+++ Exercise data +++

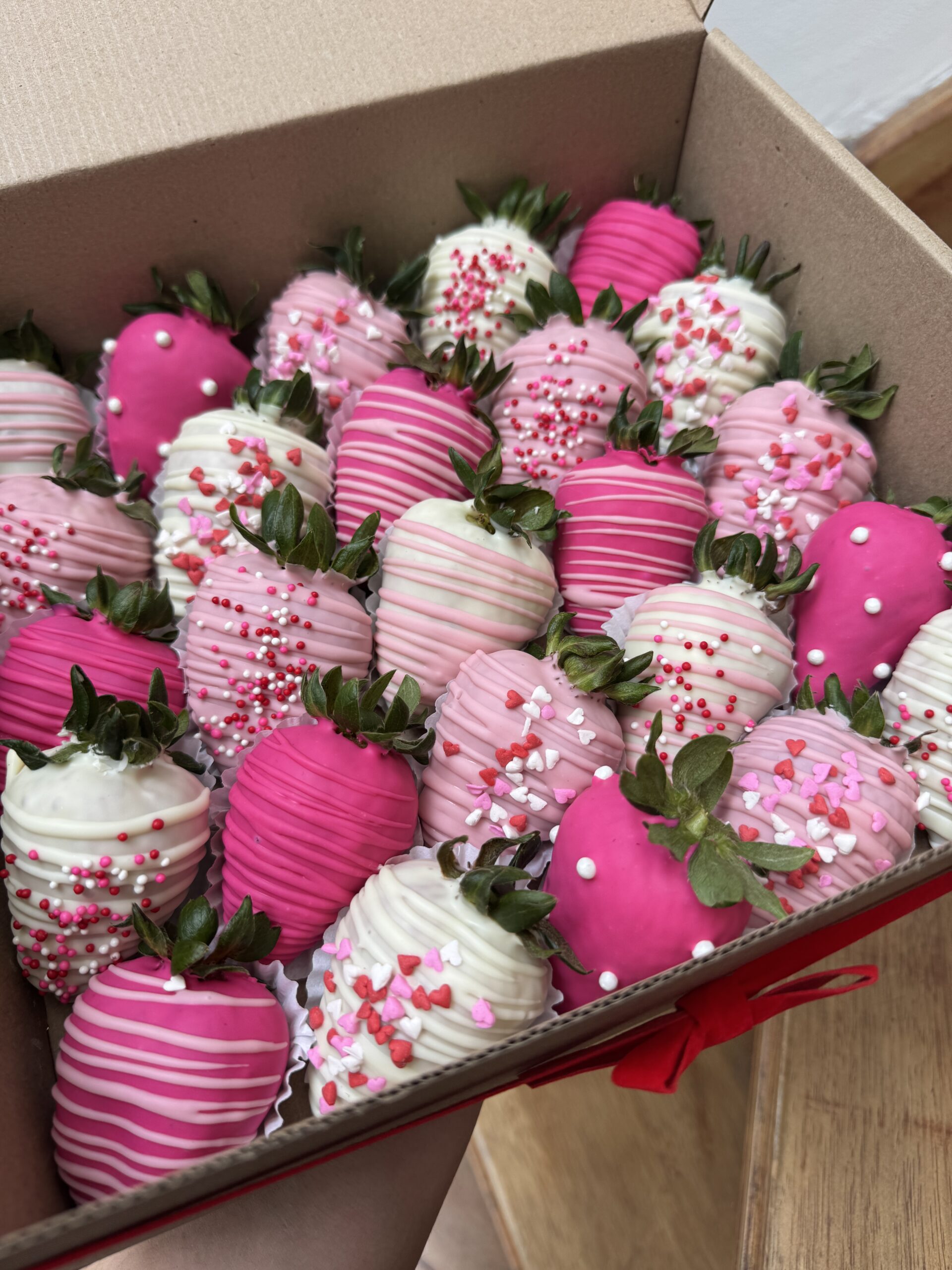Caja de 25 fresas con chocolate Blanco, rosado y fucsia
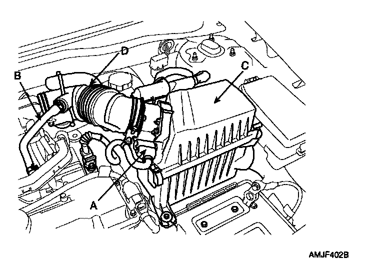 4) Connect the air cleaner hose (D) from the bleeder hose (B).
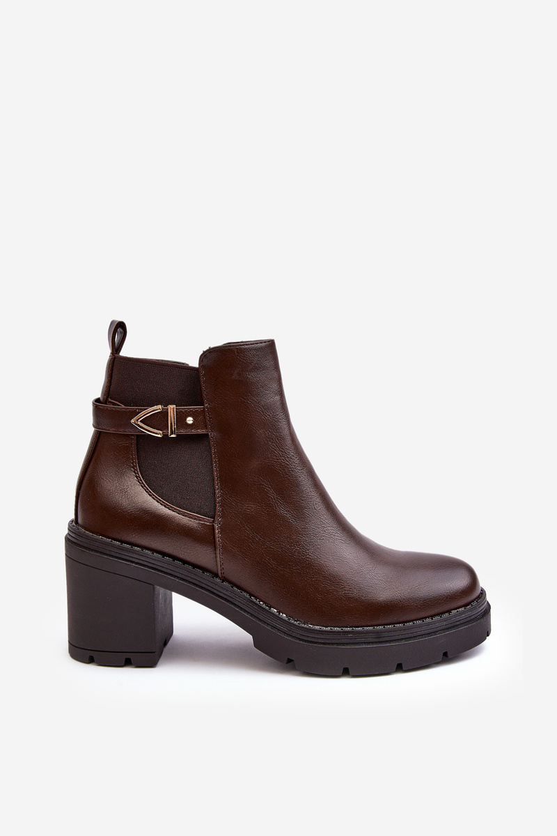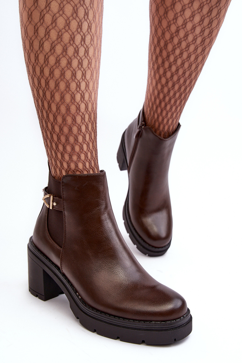 Kožené dámské boty na masivním sloupku hnědé Belinda

+++

## What the task requires
Reproduce all the material exactly, omitting images.

## Exercise answer
Caja de 25 fresas con chocolate Blanco, rosado y fucsia
 4) Connect the air cleaner hose (D) from the bleeder hose (B).
 Kožené dámské boty na masivním sloupku hnědé Belinda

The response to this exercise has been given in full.